Risk assessment is a major topic in a wide variety of disciplines today, covering fields from financial risk assessment on the stock exchange to risk assessment for safety and reliability in engineering and design. Although the areas of application differ, the same mathematical rules apply, addressing major issues like uncertainty in terms of probabilities and decision analysis.

These are the same conceptual principles used in control software designed by Jan Norstrom, a 29 year old Norwegian, who conducted his PhD project at the Department of Control Risk, Optimisation, Stochastics and System Theory.

Norstrøm successfully developed a method to guide the design of control software architecture via decision theory. From a strong theoretical and mathematical basis, the new method can be used to improve the architectural design of software systems for automated satellite operations.

Norstrøm’s thesis focused on the control software program that should activate the antenna boom deployment mechanism after launch and separation. During a launch four satellites were mounted together. Attempting to deploy antennas during launch or before separation could result in the loss of the satellites. If the actuators are activated too late, the satellites might not reach the correct orbit, or a recovery mission would have to be undertaken to try to fix the problem.

Losing scientific satellites is a very expensive failure: The loss of the Ariane 5.01 rocket, which exploded with four Cluster satellites onboard worth about 500 million Euro, was caused by errors in the booster control software.

Prior to graduating, Norstrom worked at the European Space Research and Technology Centre (ESTEC), in Noordwijk, where he worked with validation methods for control software called Sneak Path Analysis. His work at ESTEC convinced him that there was a definite need for methods that could quantitatively evaluate the architectural design of software.

When Norstrom asked why architectural design was done in a particular way, he received a stock response: The current architecture works; so why change it? Norstrom was not satisfied with this reply: “If optimisation of the control software’s decision-making process can utilise sensor information slightly better, there’s a potential to reduce risk, improve reliability and ensure the success of satellite missions in space. Even a small improvement in reliability can be worth millions of dollars.”
Windows

Besides reducing the risk of failure in automated satellite operations, Norstrom’s new method has many other application possibilities. This is owing to the mathematical basis of the decision theory in his work. In fault-diagnostic, the power lies in reducing the vast number of tests needed and finding failures in a more systematic manner. The technique can be applied when designing other forms of software architecture, such as in the medical field, where the process of diagnosing cancer, for example, can be simplified and made more cost-effective.

Another notable example of a software system that could be vastly improved by Norstrom’s new method is Windows. “My hope is that new versions of Windows will use my technique, so it will stop crashing several times a day. But if Bill Gates is going to be the boss of the Windows company after Microsoft is broken up, I very much doubt it,” Norstrom says, smiling.

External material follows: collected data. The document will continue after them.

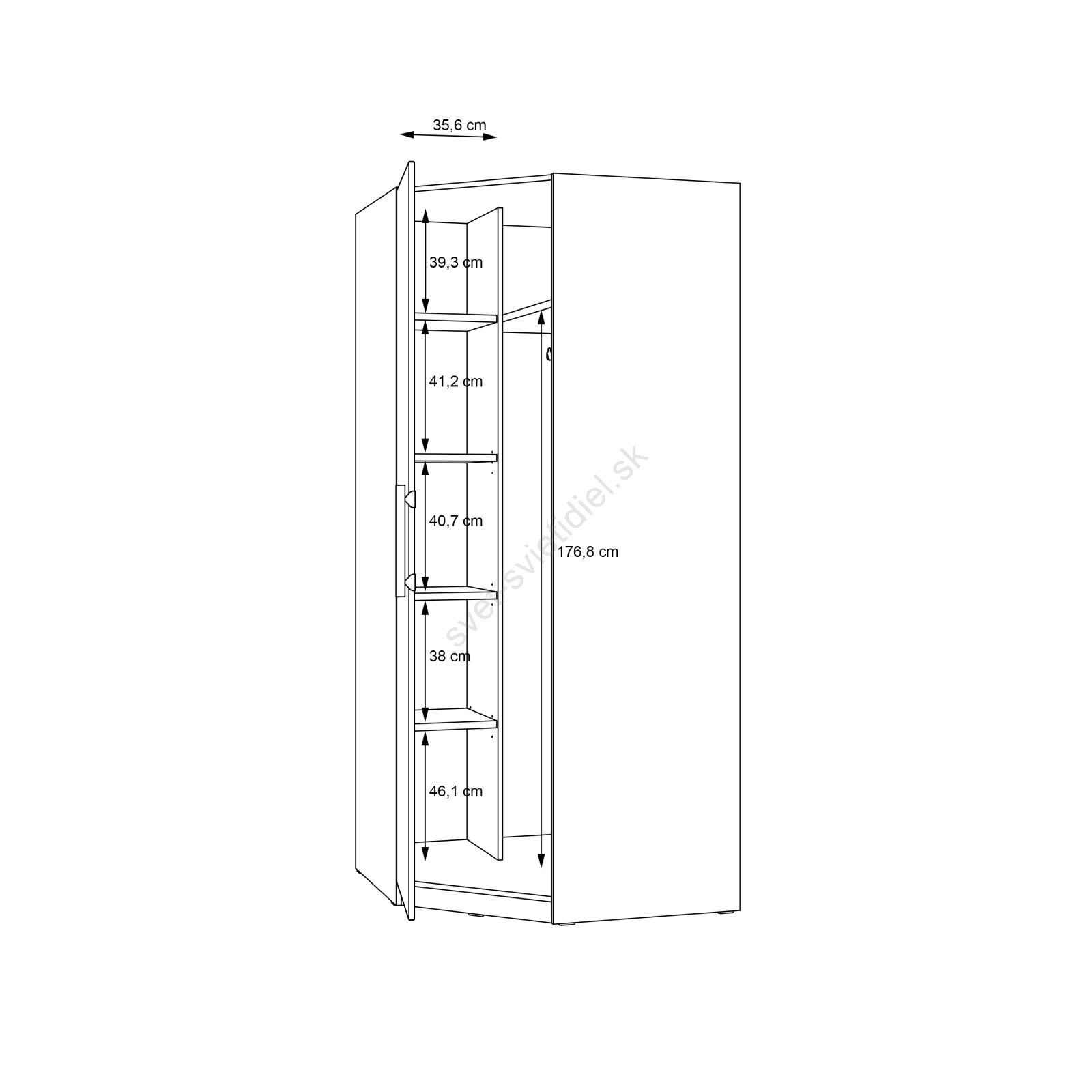 • Skriňa disponuje vešiakovou tyčou, policami a priestranným úložným priestorom na vaše oblečenie, tašky a sezónne veci.
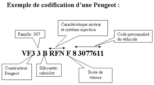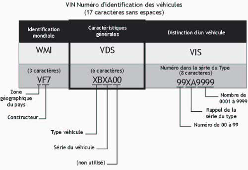 Chaque constructeur définit sa numérotation dans le cadre d'une législation internationnale: il s'agit du VIN (Vehicule Identification Number). Il est appelé aussi "numéro de chassis". Il se compose de 17 caractères que l'on retrouve sur le véhicule et sur la carte grise. On pourrait l'assimiler à la "carte d'identité" du véhicule."
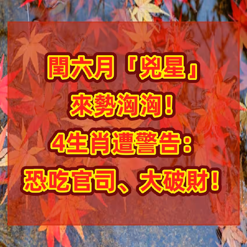 尤其是這一個閏六月,還疊加了「三煞入中宮、破軍化忌星動」的星象格局,等於打開了「命運震盪+氣場翻盤」的風險窗口,若你的八字或生肖與這波負能量相衝,就要特別小心官司、病災、人際衝突或意外破財。
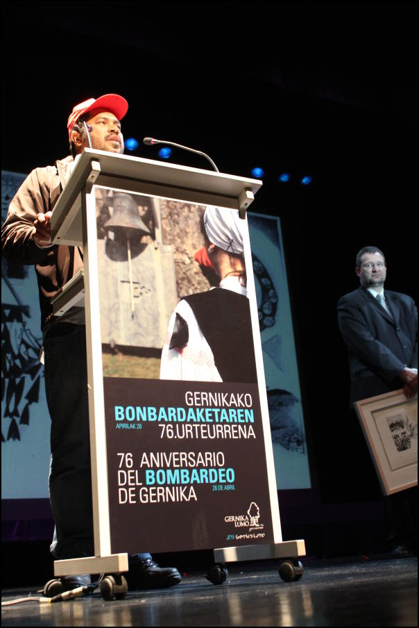 Nazioarteko saria be banatu dute Lizeo Antzokian, urtero legez. Hain zuzen, Brasilgo MSTak jaso du saria, lurrik gabeko nekazarien alde egindako lanari aitorpena emonez. “Gaur egun 350.000 familiak erabiltzen dituzten bost mila hektarea lur berreskuratu dituzte, bakearen eta justizia sozialaren alde eginez”. Joao Carlos Rodriguez mugimenduko kideak kartzelan dauden eta erail dituzten nekazari guztiak izan ditu gogoan hizketaldi labur baten. Haren berbetan, “lurrik gabeko nekazariek indarrak batzen jarraitu behar dute, sistema kapitalistaren kontra egiteko”.
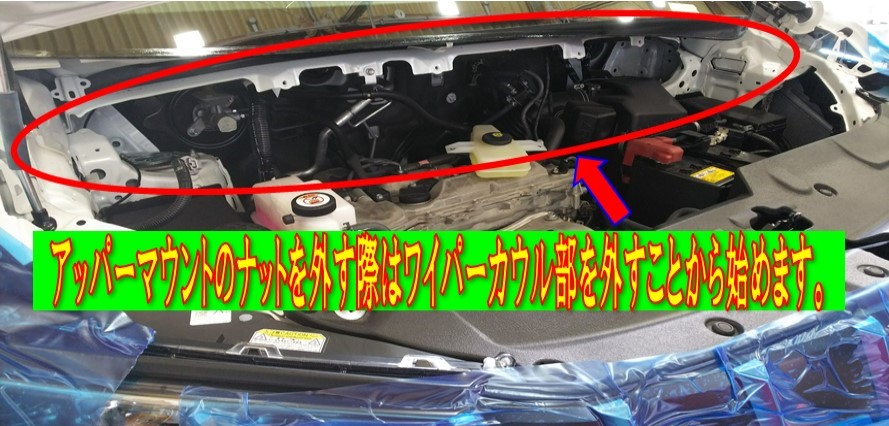 30系アルファード(ヴェルファイア)はショックを外す為にアッパーマウントのナットがエンジンルームの奥まった箇所にあるので、ワイパーカウル部を全て取り外す事から始めます。

Although Norstrom has returned to Norway, where he works for Kongsberg, a defence and aerospace company, he is not lost to science and will continue to do research in this field. As for his years in the Netherlands, Norstrom has very fond memories: “I miss my friends in Holland a lot. I loved living in the Netherlands and may come back someday. But in the Netherlands I missed the Norwegian nature and winter sports. I’ve been out training slalom every Thursday this winter.”

Risk assessment is a major topic in a wide variety of disciplines today, covering fields from financial risk assessment on the stock exchange to risk assessment for safety and reliability in engineering and design. Although the areas of application differ, the same mathematical rules apply, addressing major issues like uncertainty in terms of probabilities and decision analysis.

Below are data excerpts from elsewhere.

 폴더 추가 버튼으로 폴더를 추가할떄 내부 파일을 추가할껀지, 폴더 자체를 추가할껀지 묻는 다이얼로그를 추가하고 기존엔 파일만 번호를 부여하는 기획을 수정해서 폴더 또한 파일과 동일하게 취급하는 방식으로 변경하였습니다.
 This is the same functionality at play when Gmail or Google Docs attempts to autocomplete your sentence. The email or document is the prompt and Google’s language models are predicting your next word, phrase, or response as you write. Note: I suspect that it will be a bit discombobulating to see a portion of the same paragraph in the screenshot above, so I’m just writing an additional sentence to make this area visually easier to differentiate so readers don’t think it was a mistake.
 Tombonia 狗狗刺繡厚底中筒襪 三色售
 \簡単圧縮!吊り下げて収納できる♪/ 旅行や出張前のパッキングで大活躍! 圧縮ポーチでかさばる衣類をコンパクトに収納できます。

These are the same conceptual principles used in control software designed by Jan Norstrom, a 29 year old Norwegian, who conducted his PhD project at the Department of Control Risk, Optimisation, Stochastics and System Theory.

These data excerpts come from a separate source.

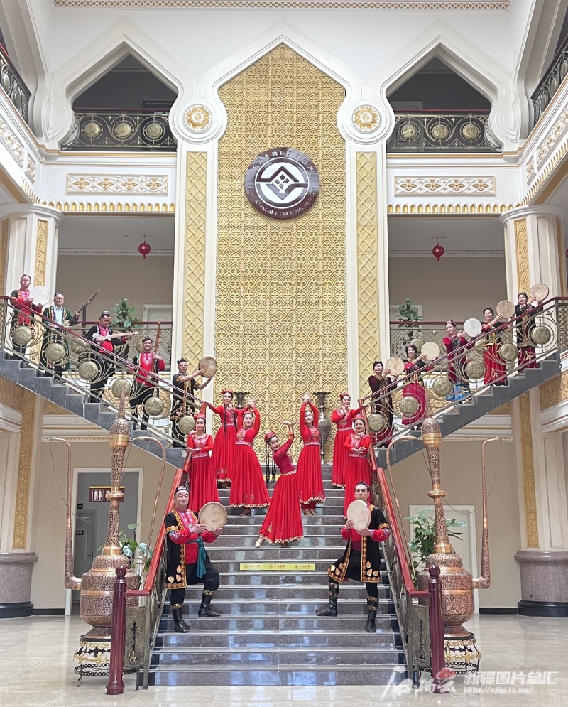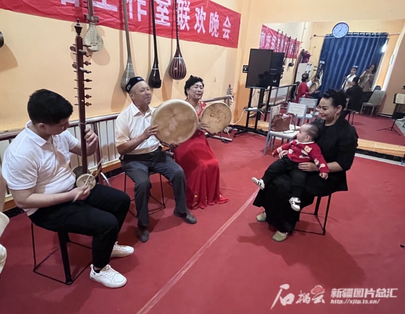 在哈密市非物質文化遺產保護中心,回城鄉(xiāng)的傳承人們和當地演員進行哈密木卡姆表演。石榴云/新疆日報記者 王晶晶攝
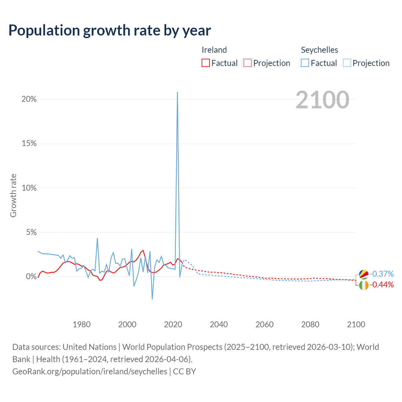 - For the last 10 years, Ireland has had an average growth rate of +1.41% per year vs +2.9% in the Seychelles.
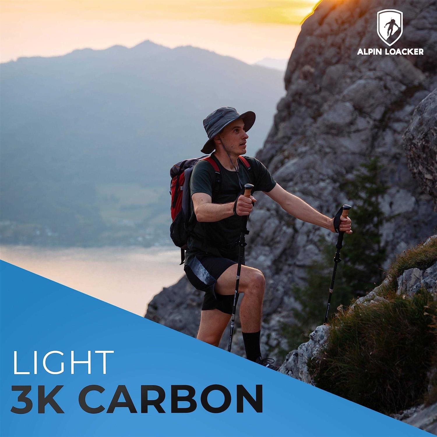 Then you are right at the Alpin Loacker Carbon Pro hikingsticks. Our carbon hiking poles offer the best price-performance ratio on the market. They are perfect for hiking and mountaineering. The carbon sticks come home with 4 different essays.
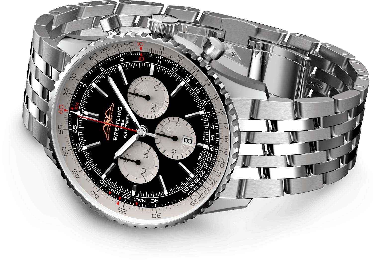 с секундомером. Секундомер с точностью 1/4с и временем измерения 12ч. Циферблат с метками в виде штрихов защищен прочным сапфировым стеклом. Окошко даты находится в положении 6 часов. Вращающийся безель с логарифмической линейкой. Заводная головка с двойным уплотнением. Завинчивающаяся прозрачная задняя крышка с сапфировым стеклом. Браслет с раскладывающейся застежкой.

Norstrøm successfully developed a method to guide the design of control software architecture via decision theory. From a strong theoretical and mathematical basis, the new method can be used to improve the architectural design of software systems for automated satellite operations.



Norstrøm’s thesis focused on the control software program that should activate the antenna boom deployment mechanism after launch and separation. During a launch four satellites were mounted together. Attempting to deploy antennas during launch or before separation could result in the loss of the satellites. If the actuators are activated too late, the satellites might not reach the correct orbit, or a recovery mission would have to be undertaken to try to fix the problem.



Losing scientific satellites is a very expensive failure: The loss of the Ariane 5.01 rocket, which exploded with four Cluster satellites onboard worth about 500 million Euro, was caused by errors in the booster control software.



Prior to graduating, Norstrom worked at the European Space Research and Technology Centre (ESTEC), in Noordwijk, where he worked with validation methods for control software called Sneak Path Analysis. His work at ESTEC convinced him that there was a definite need for methods that could quantitatively evaluate the architectural design of software.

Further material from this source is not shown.